> [Task statement]
Starting with the line containing "Praktiske små hundegummistøvler, der" and going on through the line containing "Close up of", return the lines of the data below exactly, and only those.

Records for the task: Begin

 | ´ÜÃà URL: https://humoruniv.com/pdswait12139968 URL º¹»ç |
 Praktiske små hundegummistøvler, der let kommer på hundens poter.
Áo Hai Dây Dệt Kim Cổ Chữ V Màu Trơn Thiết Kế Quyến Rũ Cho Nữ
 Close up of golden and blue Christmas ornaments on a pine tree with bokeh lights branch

Records for the task: End
Records for the task: Begin

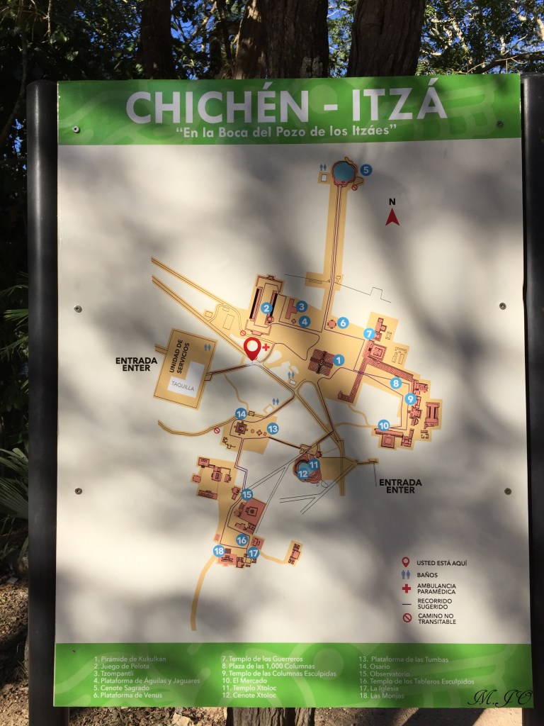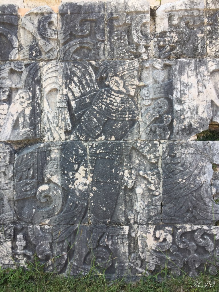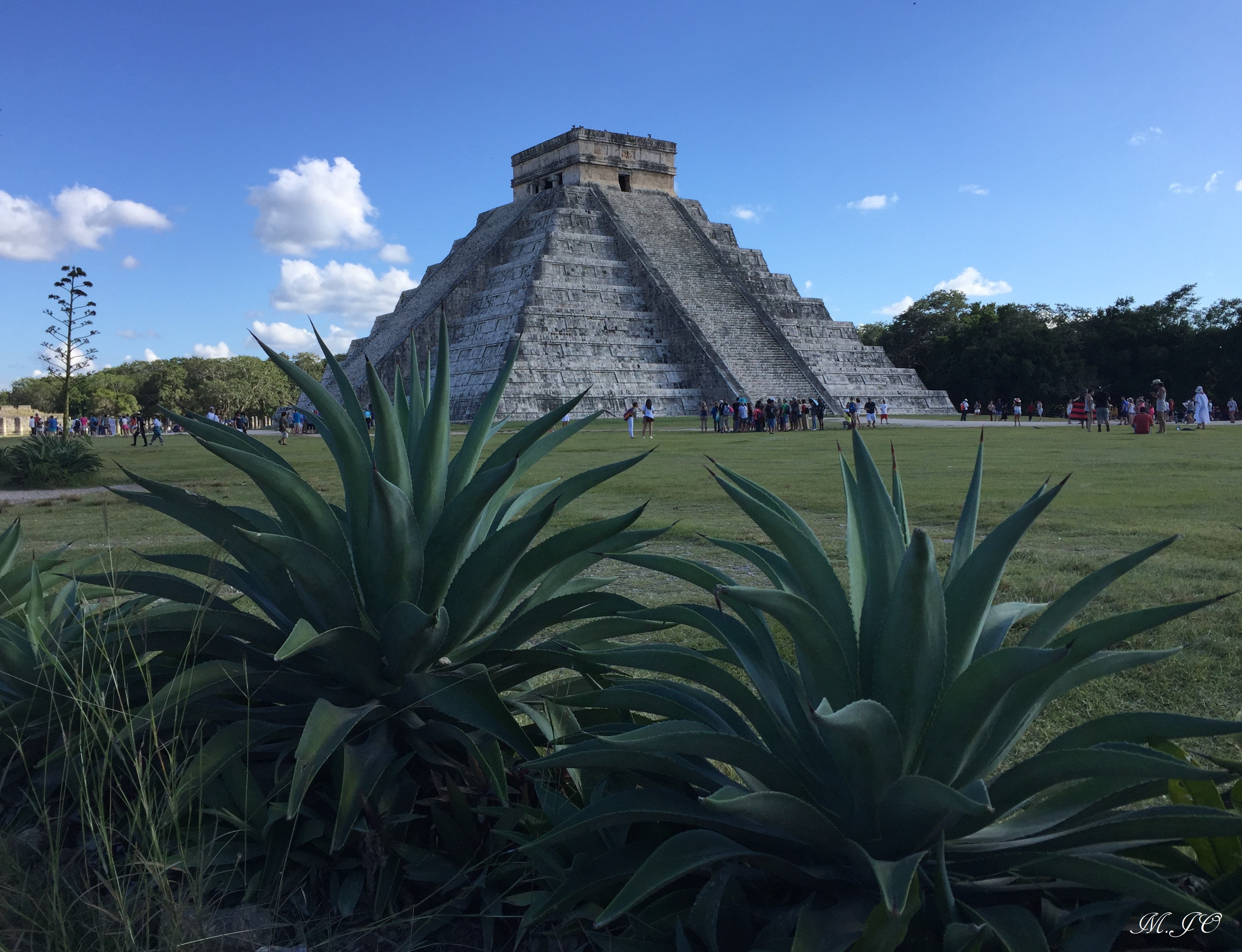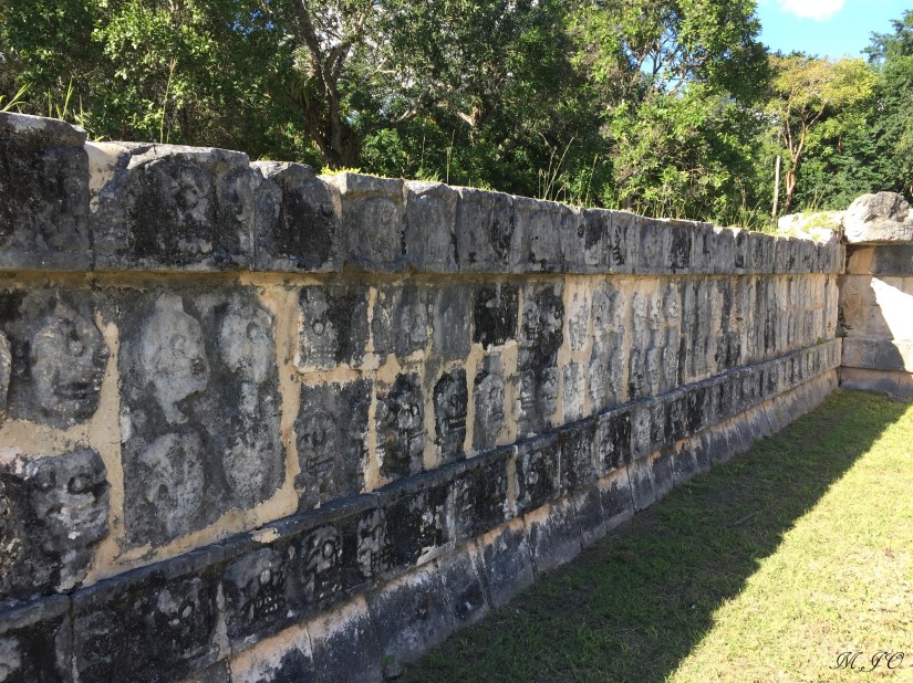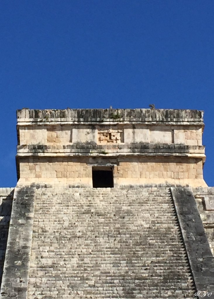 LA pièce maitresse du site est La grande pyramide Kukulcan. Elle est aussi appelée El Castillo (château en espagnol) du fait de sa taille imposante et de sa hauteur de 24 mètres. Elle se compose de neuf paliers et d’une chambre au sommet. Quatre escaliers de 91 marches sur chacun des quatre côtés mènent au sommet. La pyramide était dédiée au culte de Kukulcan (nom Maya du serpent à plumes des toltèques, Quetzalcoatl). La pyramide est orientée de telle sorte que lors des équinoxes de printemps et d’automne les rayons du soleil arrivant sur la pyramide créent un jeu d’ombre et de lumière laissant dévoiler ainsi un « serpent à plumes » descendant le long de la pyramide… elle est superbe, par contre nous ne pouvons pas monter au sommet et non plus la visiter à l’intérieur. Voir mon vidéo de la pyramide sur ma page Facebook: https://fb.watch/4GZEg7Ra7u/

Records for the task: End

> [Result below]
 Praktiske små hundegummistøvler, der let kommer på hundens poter.
Áo Hai Dây Dệt Kim Cổ Chữ V Màu Trơn Thiết Kế Quyến Rũ Cho Nữ
 Close up of golden and blue Christmas ornaments on a pine tree with bokeh lights branch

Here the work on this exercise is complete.